As shown in FIG. 1B to FIG. 1D, the dental implant structure 1 is fixed, connected or coupled to a dental connector 17 through which the dental implant structure 1 can pass through the dental connector 17 and other external components. The structures are interconnected or disassembled/bonded. The side slit 14 is disposed on the radial side of the head portion 15 and the body portion 18, and passes through the plurality of cutting faces 123 and the plurality of bone debris collecting faces 124 from the head portion 15 to abut the first thread. In other words, the side slit 14 extends downward from the head 15 to abut the first threaded portion 11. As shown in the top view of FIG. 1E, the present embodiment is provided with two side slits 14 which are radiated outwardly from the central head portion 15 and have a curved arc shape. As shown in FIG. 1D, the tangent line J of the second threaded portion 12 faces the upper end portion of the drilling axial direction Z and has an angle Φ with the side slit 14 at an angle Φ of less than or equal to 90 degrees (ie, Φ). ≦90 degrees); in this way, when the implant structure 1 of the present embodiment is locked into the alveolar bone 91, the cutting surface 123 of the second threaded portion 12 moves in the direction of the tangent J, And pushing the bone chips 92 in the direction of the tangent line J; at this time, the left groove wall (consisting of the plurality of cutting faces 123) of the side slits 14 provides the bone chips 92 because of the inclined angle Φ. A downward component of force causes the bone fragments 92 to move progressively downward (away from the head 15) along the side slits 14. When the bone fragments 92 are gradually moved downward (in a direction away from the head 15), if the radial sides of the implant structure 1 (i.e., the left and right sides of FIG. 1D) are loose, the bone The chips 92 can be squeezed to fill the loose portions of the radial sides. That is, the bone 92 The loose bone portion that can be guided and filled to the radial side of the dental implant structure 1 can make the bone covered around the dental implant structure 1 more dense (increased bone density), thereby making the dental implant body The cladding structure of structure 1 is more stable. In addition, since the patient's autologous bone chips 92 are filled to the radial side of the implant structure 1, the need for bone-reinforcing powder can be reduced, thereby reducing the cost of implanting teeth.
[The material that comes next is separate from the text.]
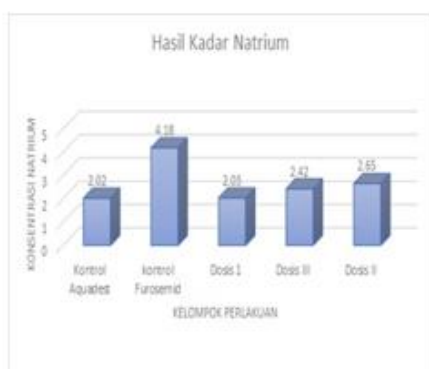
Gambar 3 Diagram Pengukuran Natrium (Na + ) Pada urin Mecit

Akuades 0,5 ml, furosemid 0,104 mg/20g BB Mencit, Dosis I 3 mg/20g BB; Dosis II 6 mg/20g BB; Dosis III 12 mg/20g BB.

As shown in FIG. 1B, the body portion 18 has a diameter H1 near the head portion 15. The body portion 18 has a diameter H2 away from the head portion 15. In the embodiment, the diameter H1 is smaller than the diameter. H2 (H1 < H2), that is, the body portion 18 forms a diverging shape from the head portion 15 toward the first thread portion 11. In addition, the head portion 15 and the body portion 18 are in a folded shape (as shown in an enlarged view of FIG. 1B). As shown in FIG. 1H, the side slit 14 at the periphery of the head portion 15 has a distance S from the top end of the head portion 15. Generally, the spacing S needs to satisfy the formula of S/H1 ≦ 0.5; In the preferred embodiment, S/H1 ≦ 0.3. Here, if the spacing S satisfies the formula of S/H1 ≦ 0.3, it means that the spacing S is small, that is, the side slit 14 is relatively close to the top end of the dental implant structure 1 (the lower end of FIG. 1H); When the implant structure 1 is rotated in the rotation direction P, the side slit 14 can be relatively easily cut into the alveolar bone 91 below the implant structure 1, thereby causing the implant structure 1 to be produced. The effect of the downward cutting is such that the dental implant structure 1 is locked toward the depth of the alveolar bone 91. When the implant structure 1 is locked into the alveolar bone 91, the head having a circular arc-shaped tip is subjected to the bite force of the chew food (the chewing biting force generally applies a vertical force to the head), The impact force or the impact force of the bite force on the alveolar bone 91 can be buffered or offset, and the impact force and the impact force of the bite food can be prevented from being concentrated at a certain point, and the stress concentration of the alveolar bone 91 is destroyed. .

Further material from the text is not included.